## REQUIREMENT
Retype only the lines below from the one with "Das Fahrwerk kann" to the one with "Palka fotograficzna to", inclusive, skipping every image.

── EXTRACTED RECORDS ──

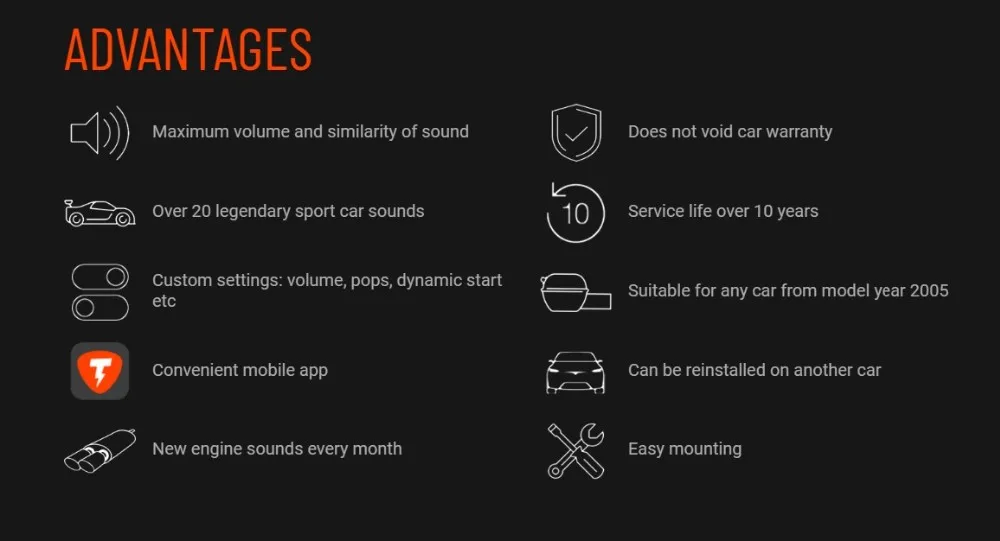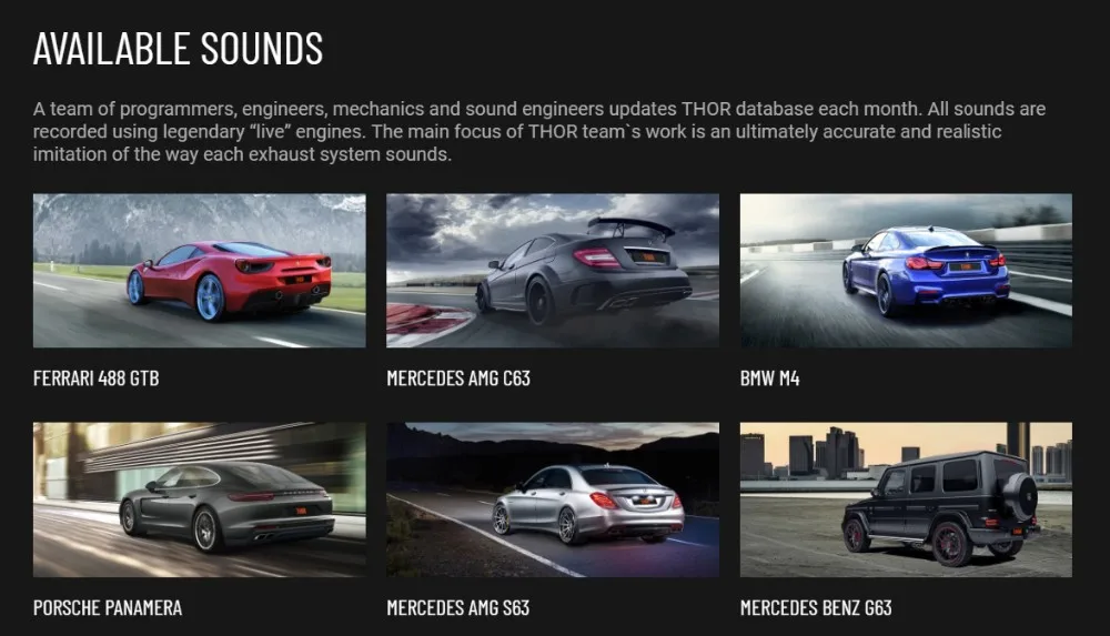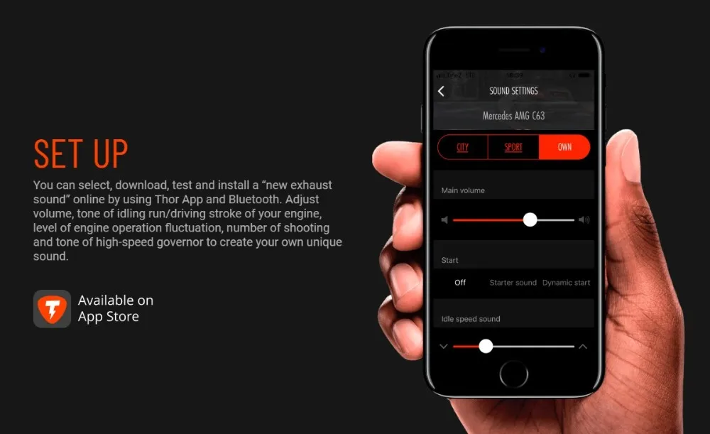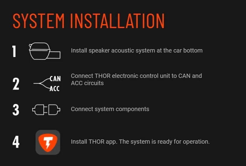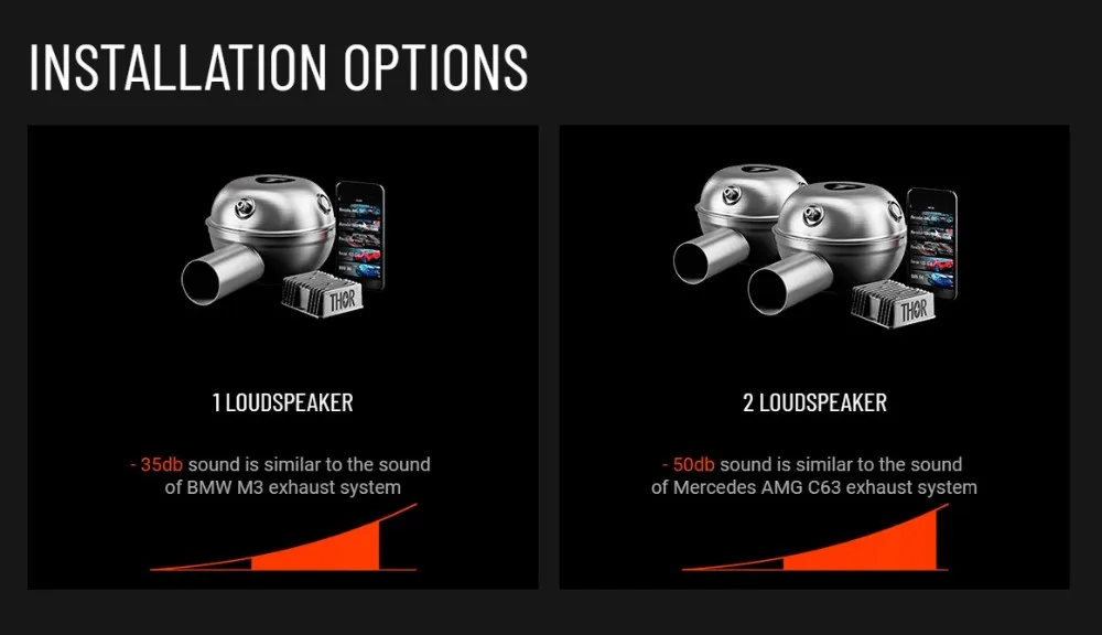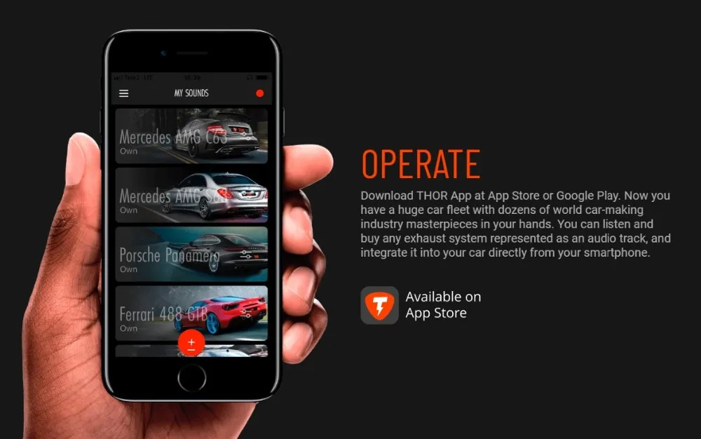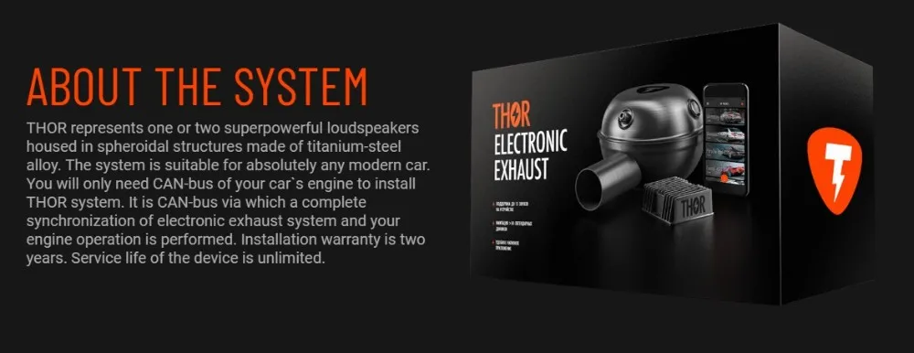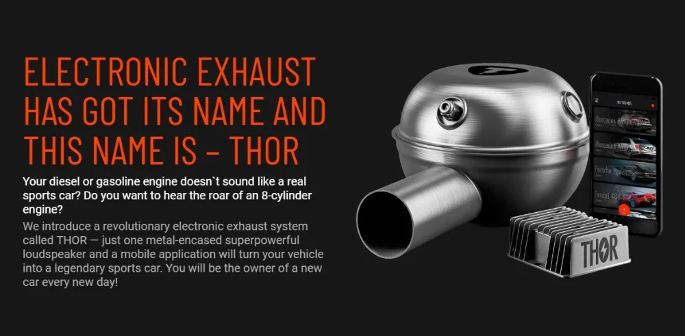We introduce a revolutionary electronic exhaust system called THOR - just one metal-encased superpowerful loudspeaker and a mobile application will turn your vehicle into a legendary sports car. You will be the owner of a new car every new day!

───
── EXTRACTED RECORDS ──

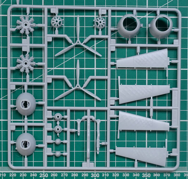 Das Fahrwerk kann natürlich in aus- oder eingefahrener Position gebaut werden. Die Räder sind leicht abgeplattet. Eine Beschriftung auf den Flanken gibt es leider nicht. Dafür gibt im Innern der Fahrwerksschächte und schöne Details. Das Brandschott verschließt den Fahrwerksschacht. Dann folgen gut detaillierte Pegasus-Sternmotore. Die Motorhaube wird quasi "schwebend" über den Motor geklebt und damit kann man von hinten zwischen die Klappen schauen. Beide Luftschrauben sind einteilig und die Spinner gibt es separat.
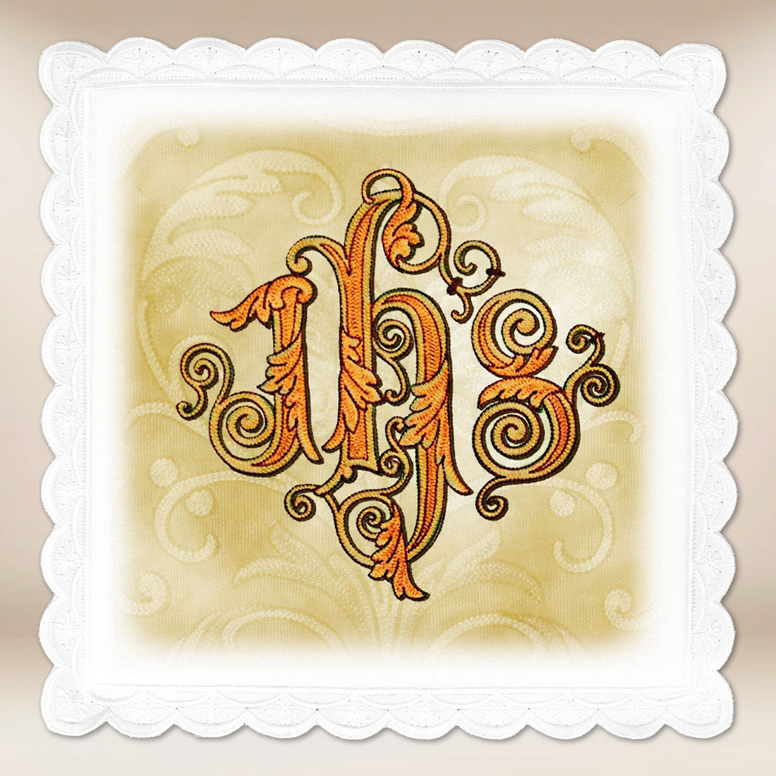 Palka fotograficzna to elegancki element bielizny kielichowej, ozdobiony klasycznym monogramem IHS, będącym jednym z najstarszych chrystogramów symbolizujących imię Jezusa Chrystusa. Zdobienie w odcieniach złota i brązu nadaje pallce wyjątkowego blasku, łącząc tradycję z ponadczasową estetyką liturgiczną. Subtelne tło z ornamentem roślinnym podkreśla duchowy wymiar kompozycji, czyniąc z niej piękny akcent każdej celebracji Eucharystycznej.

───

## TASK RESULT
 Das Fahrwerk kann natürlich in aus- oder eingefahrener Position gebaut werden. Die Räder sind leicht abgeplattet. Eine Beschriftung auf den Flanken gibt es leider nicht. Dafür gibt im Innern der Fahrwerksschächte und schöne Details. Das Brandschott verschließt den Fahrwerksschacht. Dann folgen gut detaillierte Pegasus-Sternmotore. Die Motorhaube wird quasi "schwebend" über den Motor geklebt und damit kann man von hinten zwischen die Klappen schauen. Beide Luftschrauben sind einteilig und die Spinner gibt es separat.
 Palka fotograficzna to elegancki element bielizny kielichowej, ozdobiony klasycznym monogramem IHS, będącym jednym z najstarszych chrystogramów symbolizujących imię Jezusa Chrystusa. Zdobienie w odcieniach złota i brązu nadaje pallce wyjątkowego blasku, łącząc tradycję z ponadczasową estetyką liturgiczną. Subtelne tło z ornamentem roślinnym podkreśla duchowy wymiar kompozycji, czyniąc z niej piękny akcent każdej celebracji Eucharystycznej.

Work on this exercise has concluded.